Mesures objectives et subjectives du bien-être

Définition et l’intérêt de la mesure du bien-être objectif

La mesure objective du bien-être représente « l’évaluation de la situation d’une personne à partir de critères objectifs sur, par exemple, les conditions de vie matérielles, le niveau d’éducation, l’insécurité économique et physique » 1 On a déjà évoqué le fait que le « bien-être » est une notion complexe. Sa définition est différente d’un économiste à l’autre, mais elle fait généralement intervenir les concepts de prospérité, de santé et de bonheur. Toutefois, il est apparu nécessaire d’avoir une mesure aussi simple, précise et compréhensive pour le grand public.

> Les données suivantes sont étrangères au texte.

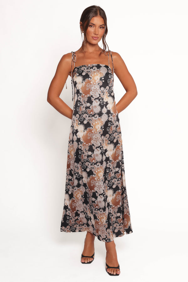 Featuring an elegant maxi length and a striking paisley print, this dress is designed to turn heads. The square neckline and thin tie-close straps lend a modern, minimalist vibe, while the elasticised back ensures a comfortable fit for occasion.
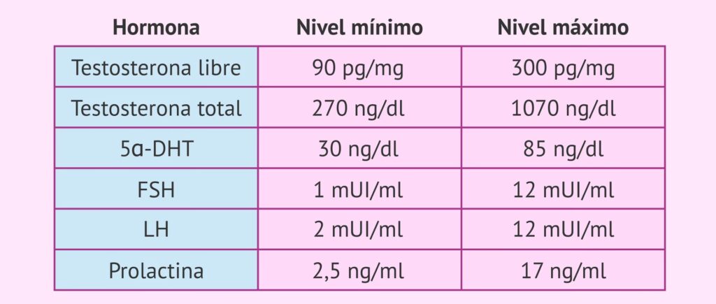 - Para hombres: 50-210 ng/L (174-792 pmol/L).
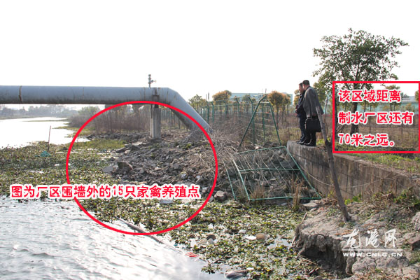 龙港自来水厂李其赐告诉本网编辑说,目前龙港水厂有2条供水管道,分别从吴家园水库和珊溪水库全封闭管道直接引入该厂制水厂区平流池中,吴家园水库管道作为主管道供全镇日常使用,珊溪水库管道作为龙港备用水源。由于该厂制水厂区附近河道已经是断头河,原先指点备用水源取水口已经停止使用2年了,该河道已经不作为备用水源使用。该养殖点距离平流池大约70米左右,家禽产生粪便和细菌,不能会影响水质,更谈不上危害居民健康,龙港水厂水质连续7年全市第一,请市民朋友放心饮用。

Le bien-être objectif est expliqué à travers l’accroissement des potentialités y compris la capacité des personnes à disposer de plusieurs formes de capital (physique, humain, et social) : revenu, emploi, terre, droits de propriété, réseaux, interactions sociales2 .

Il s’agit essentiellement d’élaborer une mesure qui va permettre une comparaison dans le temps et dans l’espace, le but de cette mesure est de stimuler la réflexion sur les politiques publiques et de constituer un outil de débat et de questionnement permanent avec l’ensemble des citoyens. Les instruments de mesure du bien-être des sociétés ont évolué au cours du XXème siècle, d’une approche surtout économique à une approche « globale » : en d’autres termes, parler aujourd’hui de « bien-être » dans une société revient à prendre en compte une multitude de critères relatifs à l’épanouissement social d’une personne, non seulement économiques tels le logement, l’emploi, l’éducation, mais aussi les relations de couples qui rentrent dans différents indicateurs de bienêtre développés par des Etats ou par des organisations internationales3 .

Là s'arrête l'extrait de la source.